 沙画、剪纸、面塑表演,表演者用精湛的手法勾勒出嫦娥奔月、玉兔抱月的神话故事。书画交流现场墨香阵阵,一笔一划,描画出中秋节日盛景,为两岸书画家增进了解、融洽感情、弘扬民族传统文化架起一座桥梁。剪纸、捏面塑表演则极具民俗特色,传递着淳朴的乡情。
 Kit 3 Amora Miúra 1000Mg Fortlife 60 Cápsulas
______________________________
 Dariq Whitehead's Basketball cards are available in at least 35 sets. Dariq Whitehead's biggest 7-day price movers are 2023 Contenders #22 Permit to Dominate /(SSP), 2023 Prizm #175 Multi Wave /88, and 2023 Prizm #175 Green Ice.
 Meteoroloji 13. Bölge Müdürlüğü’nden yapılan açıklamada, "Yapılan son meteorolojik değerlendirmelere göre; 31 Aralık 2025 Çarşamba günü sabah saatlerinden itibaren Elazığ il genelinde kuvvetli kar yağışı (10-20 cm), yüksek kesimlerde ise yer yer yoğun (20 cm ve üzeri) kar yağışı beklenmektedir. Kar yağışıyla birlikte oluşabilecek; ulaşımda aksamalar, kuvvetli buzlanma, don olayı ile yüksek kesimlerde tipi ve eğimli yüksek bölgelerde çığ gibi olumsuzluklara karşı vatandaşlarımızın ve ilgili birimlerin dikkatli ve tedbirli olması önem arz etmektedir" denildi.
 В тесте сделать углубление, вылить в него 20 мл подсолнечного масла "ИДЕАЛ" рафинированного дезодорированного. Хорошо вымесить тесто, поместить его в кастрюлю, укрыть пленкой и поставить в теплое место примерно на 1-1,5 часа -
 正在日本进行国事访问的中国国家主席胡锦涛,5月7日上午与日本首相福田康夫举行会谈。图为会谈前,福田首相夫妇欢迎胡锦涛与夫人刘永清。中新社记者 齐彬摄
______________________________
WHAT TO WORK ON: Reproduce exactly the lines above from the line with "沙画、剪纸、面塑表演,表演者" to the line with "Kit 3 Amora", including both, and add nothing.

EXERCISE RESPONSE:
 沙画、剪纸、面塑表演,表演者用精湛的手法勾勒出嫦娥奔月、玉兔抱月的神话故事。书画交流现场墨香阵阵,一笔一划,描画出中秋节日盛景,为两岸书画家增进了解、融洽感情、弘扬民族传统文化架起一座桥梁。剪纸、捏面塑表演则极具民俗特色,传递着淳朴的乡情。
 Kit 3 Amora Miúra 1000Mg Fortlife 60 Cápsulas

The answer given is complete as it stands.